本音を言えば、この状況で長く学校にいたくはないだろう。しかし、話の内容的にファミレスとかで話すような事でもなく、現地である学校の方が半月の日に備えて準備出来るという事もあり、我慢してもらわなくてはならなかった。
「翔子、無理しないで」
買ってきてあったお茶を渡し、宮城先輩は弱っている有馬先輩を気遣う。
彼女はまるで介添人の様に、文芸部の他の人達を部室から帰したり、日中体調の悪い有馬先輩を保健室に連れていったりと、甲斐甲斐しく動いていた。
「それで?和希くん、七不思議について話があるってことだったけど?」
有馬先輩に代わり、宮城先輩が議長のように話を振る。偉そうな言い回しに聞こえるが、これが彼女のデフォルトだ。そんなつもりはないのだろう。その証拠に俺にもお茶を手渡してくれた。
「はい、ギリギリになってしまいすいません。不確定な事を伝えるのもどうかと思ったので……」
「何か解ったのね?」
先を促され、俺は頷くと、持ってきていた資料を机に拡げた。
「……これは?」
「これは、福寿の卒業生が卒業製作で当時の七不思議についてを纏めたレポートです」
それは、以前親父が言っていた歴史研究会の部活動の一環として書いたという卒業製作のレポートのコピーだった。
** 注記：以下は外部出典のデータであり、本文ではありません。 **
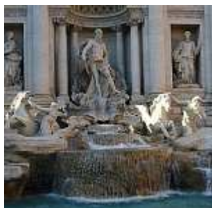
FIG Working Week 2012 "Knowing to manage the territory, protect the environment, evaluate the cultural heritage" will be held in Rome 6-10 May 2012 at the Rome Cavalieri Hotel. We expect more than 1,200 participants from 100 countries to attend this main FIG conference next year. The conference is organised by Consiglio Nazionale Geometri e Geometri Laureati (CNGGL) and FIG. The main partner is FAO.

In connection to the FIG Working Week FIG will organize:

先日、卒業アルバムを倉庫部屋から見付けた際に一緒に仕舞ってあったものを借りたのだ。
全二十頁にもわたるそのレポートは、七不思議を蒐集するだけでなく、歴史的背景から考えたその怪談の発生理由やその話が起こったとされる時代の学校の状況等が綴られていた。
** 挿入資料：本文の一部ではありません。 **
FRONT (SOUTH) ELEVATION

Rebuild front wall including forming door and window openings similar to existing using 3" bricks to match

幾ら卒業間近とは言え、高校生らしからぬ詳細なレポートは、考古学者などという稀有な職業に就いた親父らしいものだった。
その中から、今回関係有りそうな箇所を抜粋し、コピーしてきたのだ。
「今と大分違うのね」
「……あっ、でも……これとか……今でもある……」
資料を覗き込み、頁を捲りながら、二人は何とも言えない表情で呟く。
そこに書かれている七不思議は、『校庭で踊る魂』『血塗れピアノ』『逃走劇の結末』『格技室の不良番長』『裏切られたヒロイン』『妖怪びっちょぐっちょ』という六タイトル。そして七つ目は欠番となっている。
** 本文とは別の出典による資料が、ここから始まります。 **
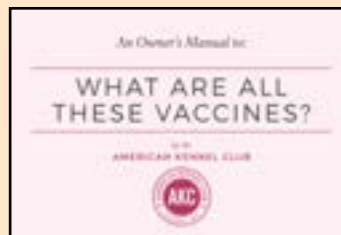
WHAT ARE ALL THESE VACCINES?
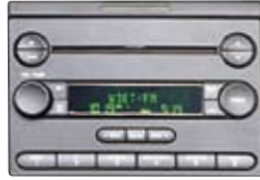
Factory Radio Not Included
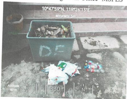
Protected Area Management Office- ENMRPA
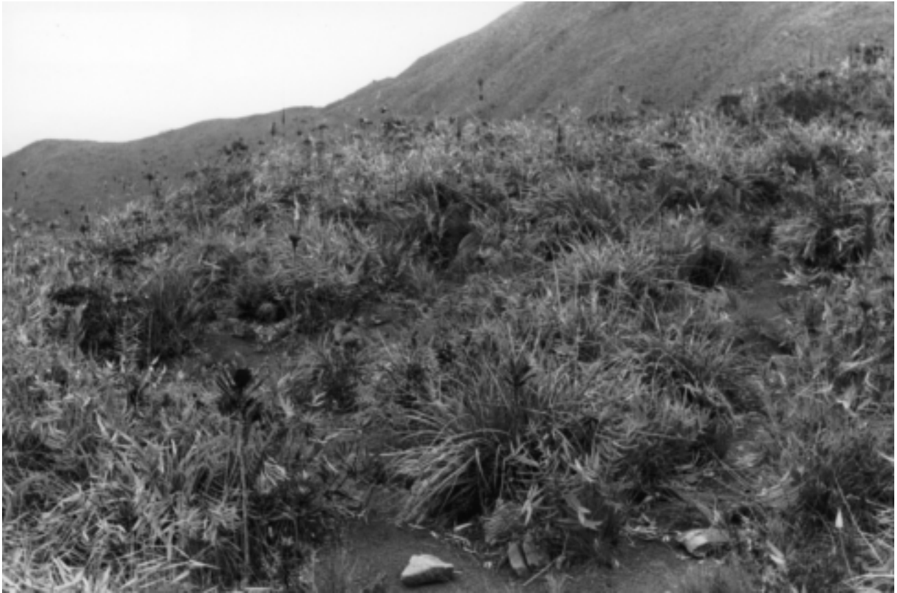
Figure 4. Maquis habitat at Mt Vulcain (950 m asl).

この学校全体を巻き込む呪いがいつ、どうして作られたかはまだ判らないが、生徒がルールに従って語り継ぐことで七不思議に纏わる情報が生まれ、福寿には本物の怪異、七不思議が存在するという呪いがかけられているのだ。
これは父さんとの会話から分かったことだった。
しかし口伝は不確かなもの。そのために、三年に一度選ばれる『記録者』と『体験者』とがこの呪いをより強固なものとする。
二人に伝えなくてもいい話を省き、俺は話を続ける。
「これらのルールを守るために、福寿にはやたらに七不思議の話とされる怪談話があちらこちらで話されてるわけですが、七つしかないはずの怪談がその倍以上の数存在する理由は、時代によって同じ話が変わってしまったからなんです」
そう言って、俺は資料を指で示した。
「例えば、この『格技室の不良番長』という話。これは、今も話されている『得られなかった優勝旗』という話と共通点が多い」
「確かにそうね、格技室っていうところは勿論だけど、闘いを挑んでくるとか、強くて勝てないとか、設定は違うけど、共通してるとも言えなくはない」
「はい。多分、今の時世に不良番長って言葉が受け入れられないというか、理解し難いものだったから最近のニュースとかでもある、教師の体罰、扱きなんていう社会問題に変化したんだと思います」
例として示してはみたが、『格技室の不良番長』と『得られなかった優勝旗』はあまり共通点が多い話だとは言い難かった。
だが、今の本物の七不思議と資料にある七不思議の話の中でそのまま語り継がれているものは『逃走劇の結末』だけ。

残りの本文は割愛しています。